A côté d'elle, la prestation de Giuseppe Infantino en Pinkerton jeune et superficiel est très convaincante. Extraordinaire Manuela Custer dans le rôle de Suzuki, peut-être la meilleure en ce moment. Sergio Vitale est un Sharpless idéal, donnant une voix à l'homme sensible et à l'aplomb du diplomate.
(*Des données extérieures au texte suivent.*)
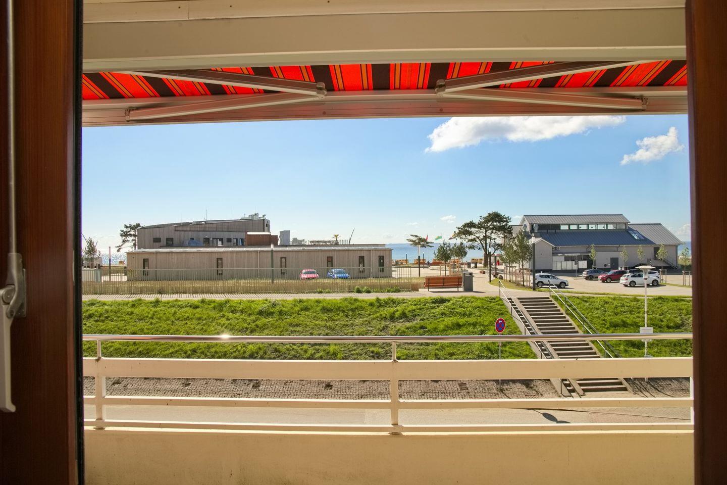 Willkommen in dieser gepflegten 2-Zimmer-Wohnung in der 2. Etage, die sich in einer begehrten Lage mit Blick auf das Meer befindet. Der möblierte Balkon in Südlage bietet einen herrlichen Ausblick und lädt zum Entspannen ein, während eine elektrische Markise Schatten spendet und den Aufenthalt noch angenehmer macht.

Le Goro de Raffaele Feo offre une grande performance, serpentine et insinuante. Il convient de noter que tous les seconds rôles ont également été confiés à d'excellents interprètes, grâce au directeur artistique Vincenzo De Vivo : Wooseok Choi est le prince Yamadori,

Yongheng Dong est Zio Bonzo, Rza Khosrovzade est le commissaire impérial et Valentina Dell'Aversana est Kate Pinkerton (certains d'entre eux proviennent de l'Accademia Lirica di Osimo). La distribution est complétée par Alessandro Pucci (officier d'état civil), Valentina Chiari (cousine) et Tamara Uteul (mère), issus des rangs du Coro Lirico Marchigiano préparé par Francesco Calzolaro. La petite Ashlly Perez, interprétant Dolore, a particulièrement séduit le public.